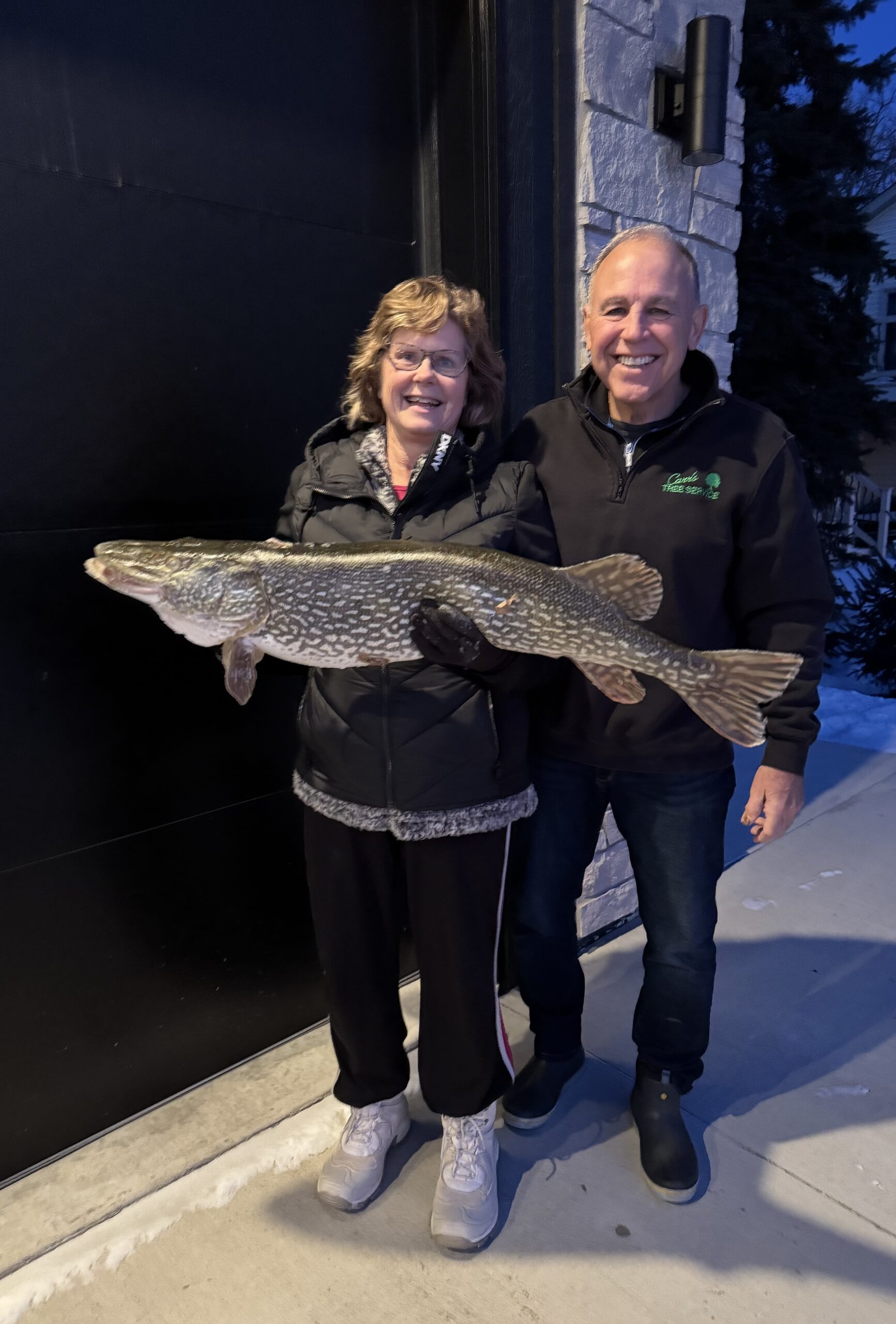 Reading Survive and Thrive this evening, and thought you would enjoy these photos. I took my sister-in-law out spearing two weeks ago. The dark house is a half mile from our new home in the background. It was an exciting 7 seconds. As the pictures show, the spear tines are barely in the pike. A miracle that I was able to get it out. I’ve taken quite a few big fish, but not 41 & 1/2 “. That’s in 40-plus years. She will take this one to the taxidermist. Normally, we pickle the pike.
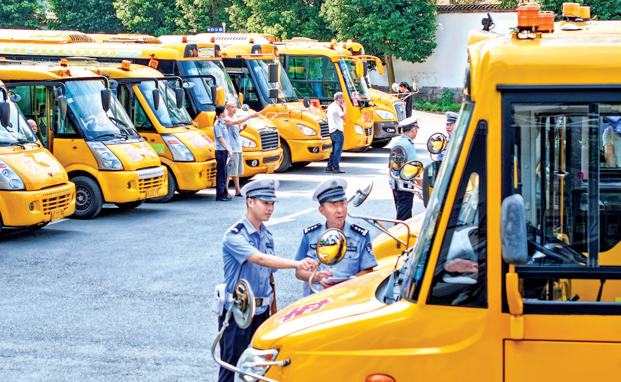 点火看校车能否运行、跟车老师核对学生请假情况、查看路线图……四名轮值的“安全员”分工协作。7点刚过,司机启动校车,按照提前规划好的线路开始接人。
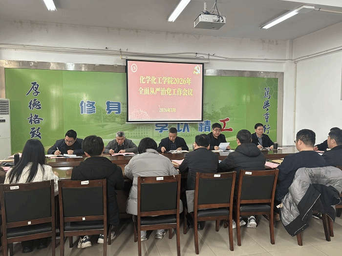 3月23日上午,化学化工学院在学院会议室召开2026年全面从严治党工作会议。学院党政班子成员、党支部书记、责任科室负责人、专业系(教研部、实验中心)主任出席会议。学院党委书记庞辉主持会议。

━━━

### Problem statement
The listing should be transcribed in full, exactly, and without its pictures.

### The answer
 Reading Survive and Thrive this evening, and thought you would enjoy these photos. I took my sister-in-law out spearing two weeks ago. The dark house is a half mile from our new home in the background. It was an exciting 7 seconds. As the pictures show, the spear tines are barely in the pike. A miracle that I was able to get it out. I’ve taken quite a few big fish, but not 41 & 1/2 “. That’s in 40-plus years. She will take this one to the taxidermist. Normally, we pickle the pike.
 点火看校车能否运行、跟车老师核对学生请假情况、查看路线图……四名轮值的“安全员”分工协作。7点刚过,司机启动校车,按照提前规划好的线路开始接人。
 3月23日上午,化学化工学院在学院会议室召开2026年全面从严治党工作会议。学院党政班子成员、党支部书记、责任科室负责人、专业系(教研部、实验中心)主任出席会议。学院党委书记庞辉主持会议。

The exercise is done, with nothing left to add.